*** Opening of Data records ***

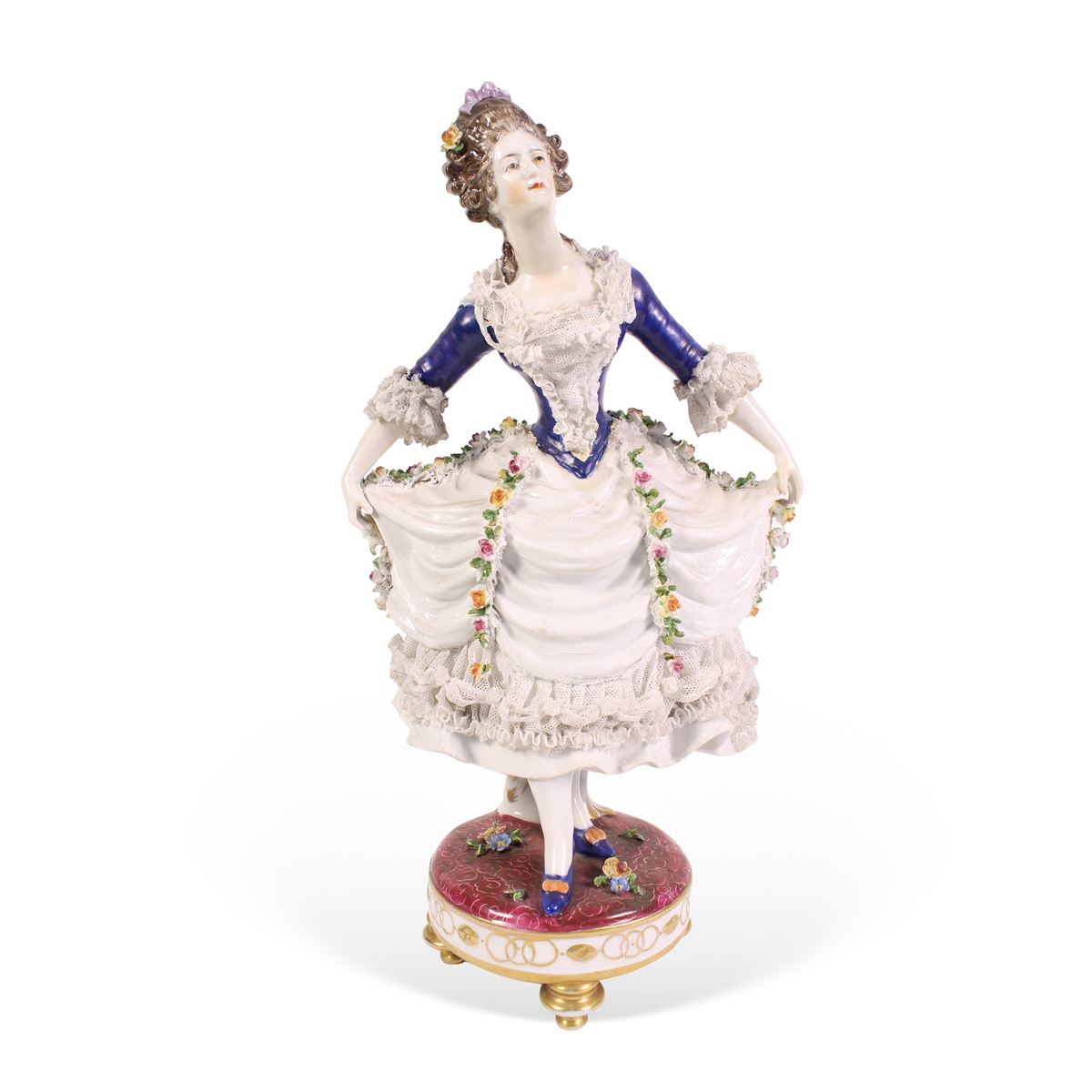 Manifattura Volkstedt - scultura in ceramica smaltata raffigurante una nobildonna, marchio di produzione, difetti. - h. 31 cm -
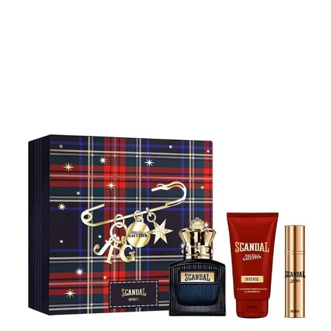 Launch year: 2025. Fragrance Family: Woody Aromatic. Top notes: Clary Sage. Heart notes: Vetiver. Base notes: Leather. Design house: Jean Paul Gaultier. Design house category: fashion. Design house country: France. Scent name: Scandal Pour Homme Intense. Gender: Mens. Category: Fragrance. SubType: Gift Set. Barcode: 8435415113243. Jean Paul Gaultier Scandal Pour Homme Intense (M) Set Edp 100Ml + Swg 75Ml + Edp 10Ml. Jean Paul Gaultier Mens Scandal Pour Homme Intense 3pcs EDP Gift Set Fragrances 8435415113243. <br/><br/> This item is only valid for shipment in the Contiguous United States & Canada.
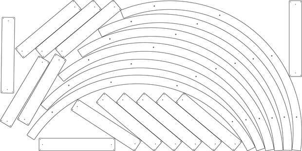 Cortamos los arcos de cuatro hojas de madera contrachapada. Llenamos cualquier espacio no utilizado con listones para ser utilizado para medidas en la rueda de hámster, pero corte la mayoría de las tablillas rectangulares por tabla VI.
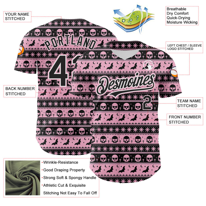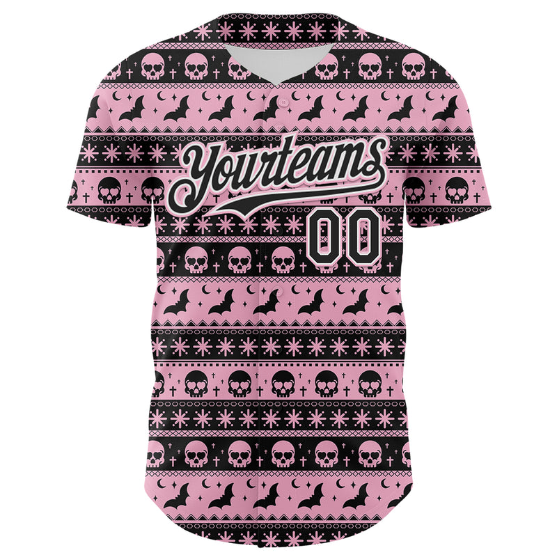 Custom Black Light Pink-White 3D Gothic Skull Authentic Baseball Jersey
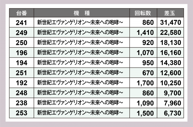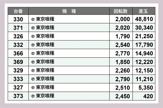 対してパチンコでは『新世紀エヴァンゲリオン〜未来への咆哮〜』『e 東京喰種』がスマスロに匹敵する出玉を残し、5桁プラスの多さが光った。
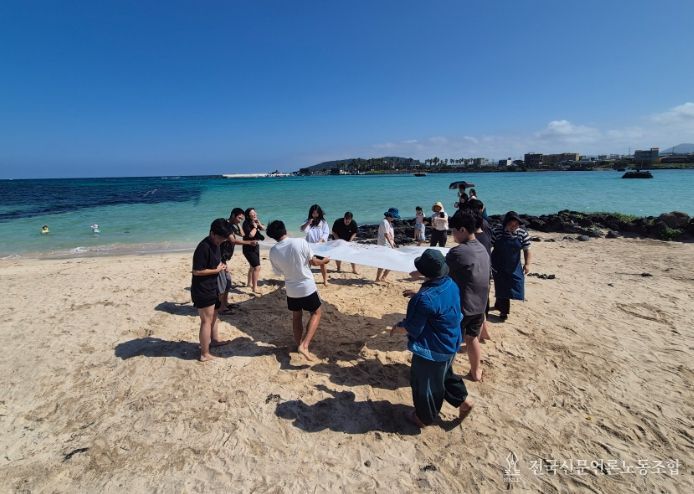 전국신문언론노동조합 김성길 기자 | 제주도교육청 남원중학교는 11일 제주시 신흥해수욕장에서 4-에이치(4-H)청소년회 학생들과 함께 제주문화예술재단 문화예술교육지원사업 ‘색으로 빛나는’ 프로그램에 참여했다.
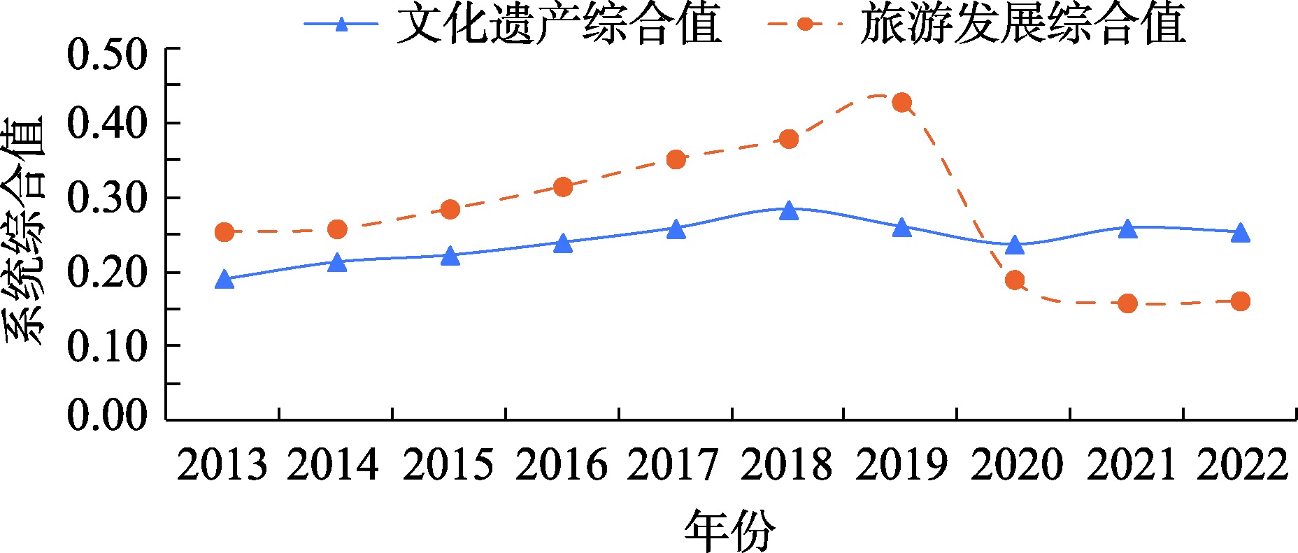 2013—2022年文化遗产保护利用和旅游发展时序变化
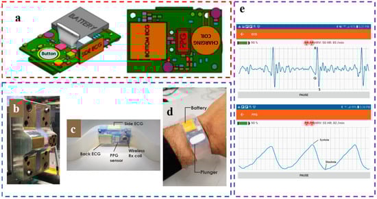 (a) Top and bottom views of the mechanical CAD model showing component placement following complete assembly; (b) An over-molded PCBA in clear silicone; (c) Some visible components labeled; (d) Wearable wristband; (e) App UI showing the live ECG signal and PPG signal. Reproduced with permission from [65].
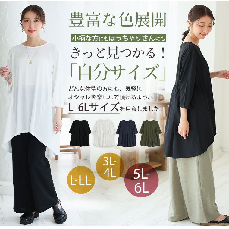 オリジナル トップス チュニック LL 3L 4L 5L 6L 夏 夏物 夏服 秋 秋物 秋冬 ぽっちゃり ゆったり プラスサイズ かわいい おしゃれお腹 二の腕カバー お尻 おなか・おしり・二の腕OK 体型カバー バック切替 チュニック
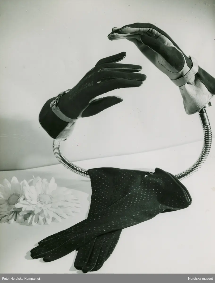 Kort helskuren kragmodell i dubbelfärgad suède och glacé med sleif vid handleden. Perforerad suèdehandske. Vita pikéblommor.
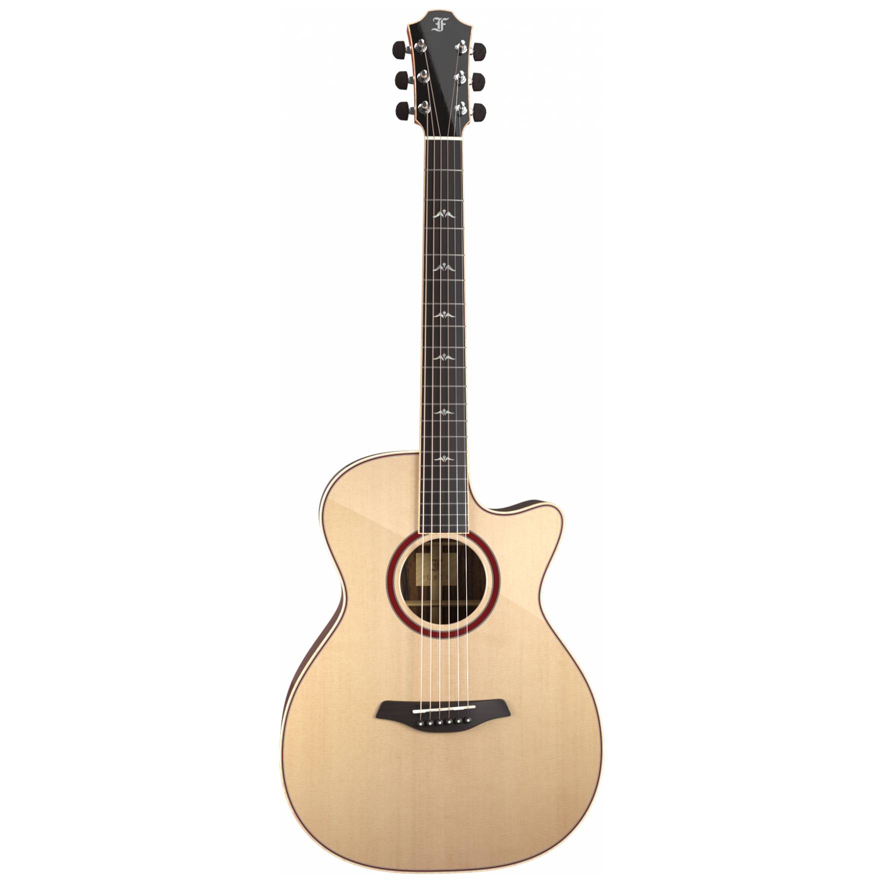 Верхняя дека выполнена из массива ситхинской ели категории ААА. Нижняя дека и обечайка - из массива индийского палисандра (также категории ААА). Благодоря высококачественной древесине инструмент звучит велеколепно и подчеркивается многочисленными деталями - окантовка из огненного клена на корпусе, голове и грифе, пурфинг и розетка из падаука, а также перламутровые маркеры на грифе в форме цветка.
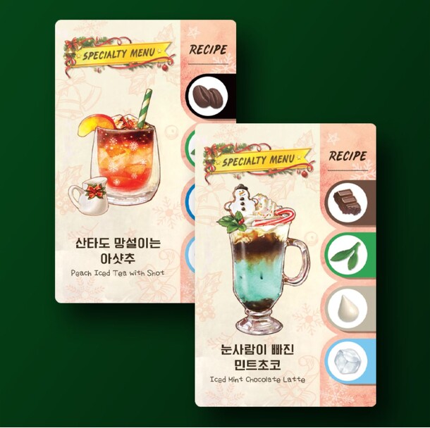 Two promo cards for 2024 Christmas. Peach iced tea with shot, iced mint chocolate latte.
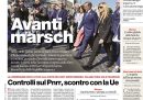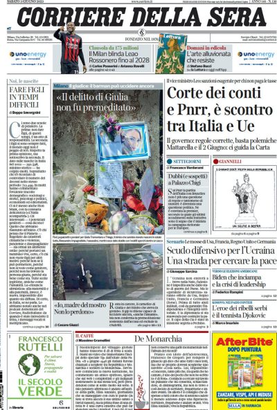 I principali quotidiani oggi aprono sulle perplessità espresse dalla Commissione europea dopo che il governo italiano ha deciso di limitare i controlli della Corte dei conti sul PNRR, altri si concentrano da diversi punti di vista sulle celebrazioni del 2 giugno per la Festa della Repubblica. Su molti giornali sono ancora molto presenti commenti e dettagli sull’omicidio di una giovane donna da parte del suo fidanzato avvenuto a Senago, in provincia di Milano. Per lo sport la notizia del giorno è il rinnovo dell’attaccante portoghese Rafael Leao con il Milan fino al 2028.
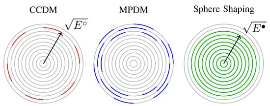 CCDM has been proposed in [] and it was used as the amplitude shaping architecture for PAS in []. We speak of constant composition if all matcher output sequences are permutations of a particular base sequence, which is typically described by the composition C stating the number of occurrences of each amplitude. The number of output sequences of the corresponding matcher, i.e., the cardinality of the shaping set , is given by the multinomial coefficient , as defined in (5). Each amplitude sequence in has the same energy , and consequently, they all are located on the n-shell of squared radius as shown in Figure 6.
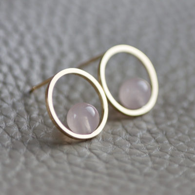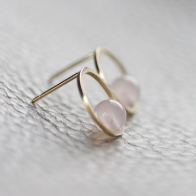 Truly the easiest to wear & one of the most flattering pair of earrings you’ll own. The romantic combination of pink and gold. A pair of solid 9ct gold stud hoops handmade & polished to a high shine, featuring a semi-precious rose quartz stone that ‘floats’ within. Rose Quartz is a natural mineral, very pale pink in colour and translucent.
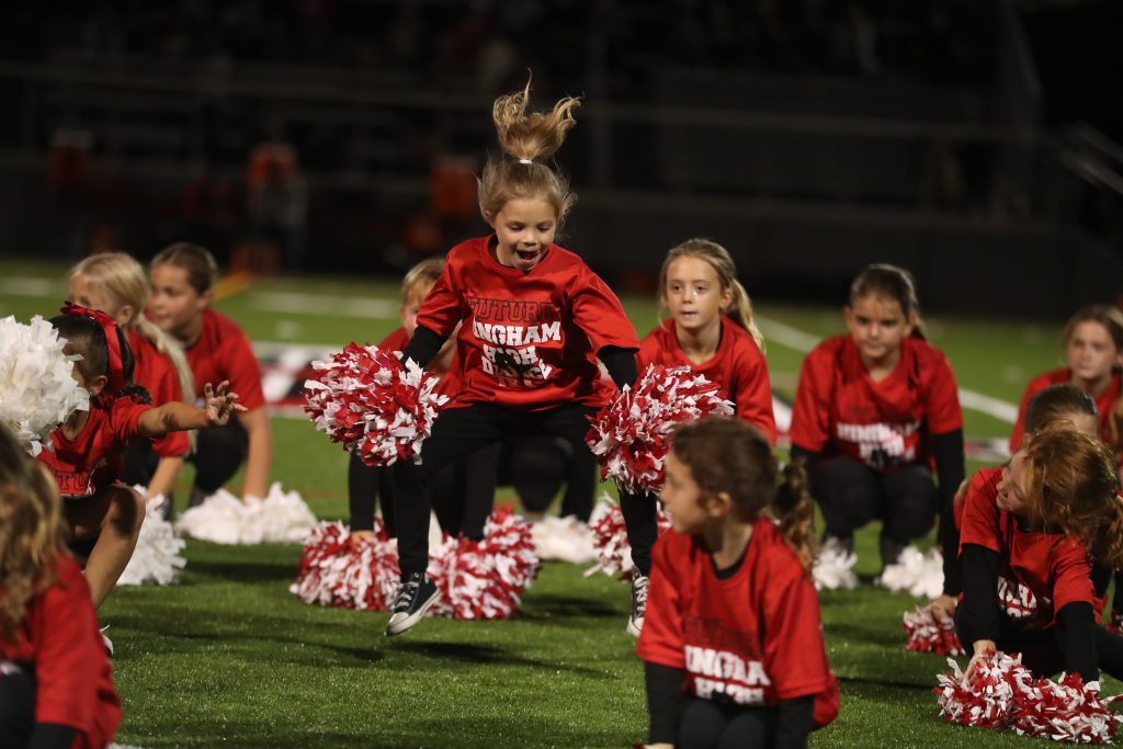 Under the lights at last Friday’s Hingham High football game, children between the ages of 5 and 11 were given a unique opportunity to be mentored by and perform on the field with the Hingham High Dance Team.

*** Close of Data records ***

Task description
Please restate the lines above exactly, starting at the first line of the data and stopping at the line containing "(a) Top and", which is included. Omit pictures.

Answer area
 Manifattura Volkstedt - scultura in ceramica smaltata raffigurante una nobildonna, marchio di produzione, difetti. - h. 31 cm -
 Launch year: 2025. Fragrance Family: Woody Aromatic. Top notes: Clary Sage. Heart notes: Vetiver. Base notes: Leather. Design house: Jean Paul Gaultier. Design house category: fashion. Design house country: France. Scent name: Scandal Pour Homme Intense. Gender: Mens. Category: Fragrance. SubType: Gift Set. Barcode: 8435415113243. Jean Paul Gaultier Scandal Pour Homme Intense (M) Set Edp 100Ml + Swg 75Ml + Edp 10Ml. Jean Paul Gaultier Mens Scandal Pour Homme Intense 3pcs EDP Gift Set Fragrances 8435415113243. <br/><br/> This item is only valid for shipment in the Contiguous United States & Canada.
 Cortamos los arcos de cuatro hojas de madera contrachapada. Llenamos cualquier espacio no utilizado con listones para ser utilizado para medidas en la rueda de hámster, pero corte la mayoría de las tablillas rectangulares por tabla VI.
 Custom Black Light Pink-White 3D Gothic Skull Authentic Baseball Jersey
 対してパチンコでは『新世紀エヴァンゲリオン〜未来への咆哮〜』『e 東京喰種』がスマスロに匹敵する出玉を残し、5桁プラスの多さが光った。
 전국신문언론노동조합 김성길 기자 | 제주도교육청 남원중학교는 11일 제주시 신흥해수욕장에서 4-에이치(4-H)청소년회 학생들과 함께 제주문화예술재단 문화예술교육지원사업 ‘색으로 빛나는’ 프로그램에 참여했다.
 2013—2022年文化遗产保护利用和旅游发展时序变化
 (a) Top and bottom views of the mechanical CAD model showing component placement following complete assembly; (b) An over-molded PCBA in clear silicone; (c) Some visible components labeled; (d) Wearable wristband; (e) App UI showing the live ECG signal and PPG signal. Reproduced with permission from [65].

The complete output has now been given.